The Tower of Monshanjik stood overlooking the harbour and the massive mole which jutted out into the middle of the lagoon. It was a sea-green tower and was squat compared with most of those in Imrryr, though still a beautiful and tapering construction, with wide windows so that the whole of the harbour could be seen from it. From Monshanjik Tower most of the business of the harbour was done and in its lower cellars were kept any prisoners who had broken any of the myriad rules governing the functioning of the harbour. Leaving Cymoril to return to the palace with a guard, Elric entered the tower, riding through the great archway at the base, scattering not a few merchants who were waiting for permission to begin their bartering, for the whole of the ground floor was full of sailors, merchants and Melnibonean officials engaged in the business of trade, though it was not here that the actual wares were displayed. The great echoing babble of a thousand voices engaged in a thousand separate aspects of bargaining slowly stilled as Elric and his guard rode arrogantly through to another dark arch at the far end of the hall. This arch opened onto a ramp which sloped and curved down into the bowels of the tower.

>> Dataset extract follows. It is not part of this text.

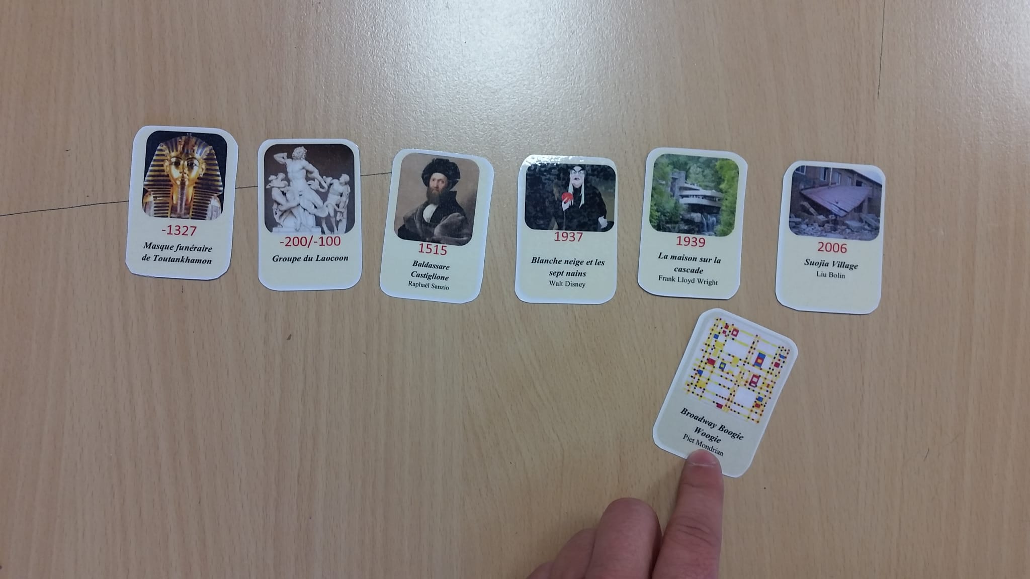 Inspiré de la gamme "Timeline", cette proposition créée par un professeur d'arts plastiques, allie des connaissances et parfois de bonnes intuitions. Avec une règle du jeu maîtrisée en quelques minutes, ce dispositif léger permet de situer dans le temps des repères artistiques, en écho avec les apprentissages de la classe.

Down this ramp clattered the horsemen, passing slaves, servants and officials who stepped hastily aside, bowing low as they recognised the emperor. Great brands illuminated the tunnel, guttering and smoking and casting distorted shadows onto the smooth, obsidian walls. A chill was in the air now, and a dampness, for water washed about the outer walls below the quays of Imrryr. And still the emperor rode on and still the ramp struck lower through the glassy rock. And then a wave of heat rose to meet them and shifting light could be seen ahead and they passed into a chamber that was full of smoke and the scent of fear. From the low ceiling hung chains and from eight of the chains, swinging by their feet, hung four people. Their clothes had been torn from them, but their bodies were clothed in blood from tiny wounds, precise but severe, made by the artist who stood, scalpel in hand, surveying his handiwork.

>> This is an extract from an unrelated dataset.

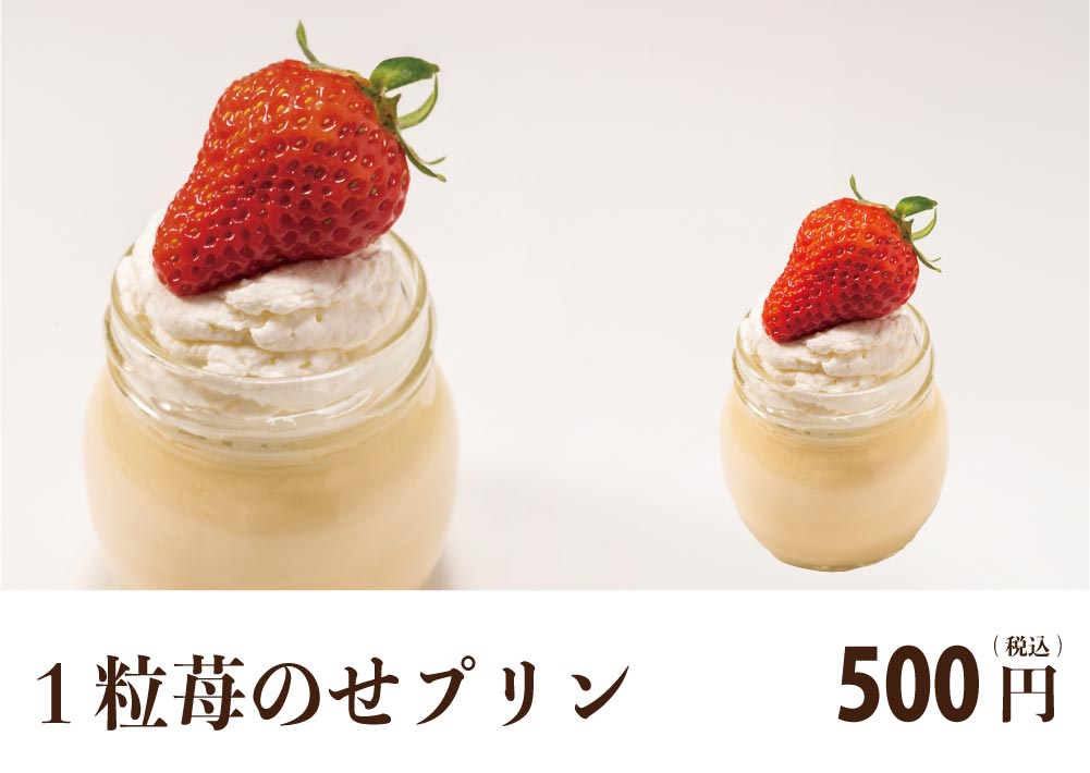 一粒いちごでプリンがおめかし。スタンダードな味わいのプリンです。

The artist was tail and very thin, almost like a skeleton in his stained, white garments. His lips were thin, his eyes were slits, his fingers were thin, his hair was thin and the scalpel he held was thin, too, almost invisible save when it flashed in the light from the fire which erupted from a pit on the far side of the cavern. The artist was named Doctor Jest and the art he practised was a performing art rather than a creative one (though he could argue otherwise with some conviction): the art of drawing secrets from those who kept them. Doctor Jest was the Chief Interrogator of Melnibone. He turned sinuously as Elric entered, the scalpel held between the thin thumb and the thin forefinger of his fight hand; he stood poised and expectant, almost like a dancer, and then bowed from the waist.